● **TASK**
From the first line to the last, copy the material exactly and leave the pictures out.

● **GIVEN DATA**
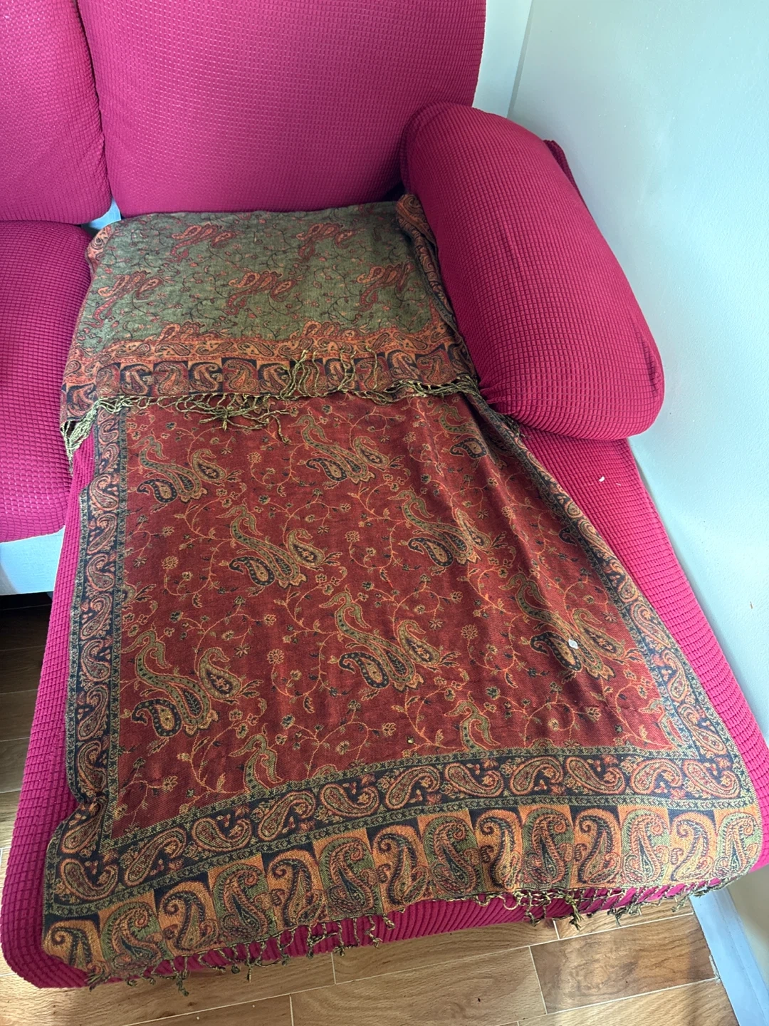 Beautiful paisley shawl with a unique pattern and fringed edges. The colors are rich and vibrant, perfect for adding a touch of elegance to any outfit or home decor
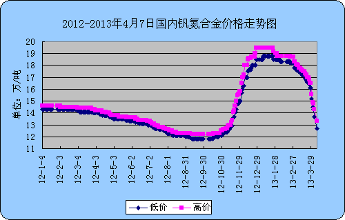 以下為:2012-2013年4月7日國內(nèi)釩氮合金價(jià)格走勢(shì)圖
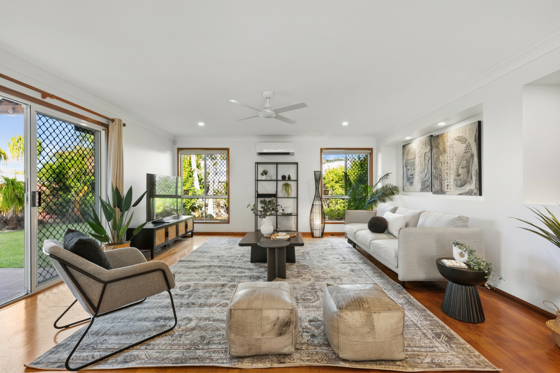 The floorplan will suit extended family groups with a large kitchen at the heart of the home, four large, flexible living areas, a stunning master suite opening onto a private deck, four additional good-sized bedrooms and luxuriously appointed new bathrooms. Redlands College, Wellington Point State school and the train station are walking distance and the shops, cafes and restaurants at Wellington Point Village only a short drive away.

● **TASK RESPONSE**
 Beautiful paisley shawl with a unique pattern and fringed edges. The colors are rich and vibrant, perfect for adding a touch of elegance to any outfit or home decor
 以下為:2012-2013年4月7日國內(nèi)釩氮合金價(jià)格走勢(shì)圖
 The floorplan will suit extended family groups with a large kitchen at the heart of the home, four large, flexible living areas, a stunning master suite opening onto a private deck, four additional good-sized bedrooms and luxuriously appointed new bathrooms. Redlands College, Wellington Point State school and the train station are walking distance and the shops, cafes and restaurants at Wellington Point Village only a short drive away.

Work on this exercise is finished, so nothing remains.